Apparently, as CNS News reports, the President has had other things on his mind:
“President Barack Obama said the weak economy in the United States could be blamed partially on international events and natural disasters, such as the March 11 earthquake in Japan.”
Fair enough. But now, Mr. Ryan has negated all my hard work when he states that:
The president’s February budget deliberately dodged the tough choices necessary to confront the threat of runaway federal spending. It was rejected unanimously in a Senate controlled by his own party.
But, what set of numbers is Mr. Ryan using for his projections? Oh, they come from the CBO, Congressional Budget Office, and not the White House OMB, Office of Management and Budget. Also, essentially everything Mr. Ryan offers is presented as a percentage of GDP, Gross Domestic Product. Such as this:
Certainly is “frightening” but doesn’t tell us very much, Mr. Ryan.

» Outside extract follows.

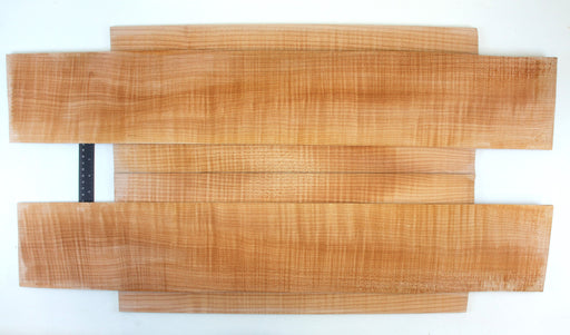 1 Flame Big Leaf Maple (acer macrophyllum) bookmatched set.Back: 56cmx 22.2cm x 5.4mm (22" x 8.7" x .21") each sideSides: 85cm x 14cm x 5.5mm (33.4...

Where are the spreadsheets so we can ascertain your plans for cuts in specific line items such as Capitol Police outlays, up from a $120m in ’01 to $366m in ’10 with $397m “budgeted” for ’12? Over a third of a billion dollars just for safeguarding our esteemed legislators?

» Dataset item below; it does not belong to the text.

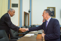 BMI President and CEO Mike O’Neill greets Congressman John Conyers, Jr., of Michigan at the June 10 Congressional hearing on music licensing. Congressman Conyers visited BMI’s New York office last year to speak with executives about the rights of songwriters and publishers. View Photo

Hillary Clinton’s State Department empire has grown from $6.69b, when her husband was Prez, to $23.80b in ’10 with $32.48b scheduled for the next fiscal year. Whoa! And those pesky foreigners still don’t like us. Think we could save some money there.
How many federal employees will be
terminated laid-off? What about Congressional salary cuts? Anything in the works there?
You can swim in the sea of OMB budget numbers yourself by diving in here. If you’re willing to suspend some of the Congressman’s disbelief, that is.
Whatcha got, Mr. Ryan? Your numbers, please!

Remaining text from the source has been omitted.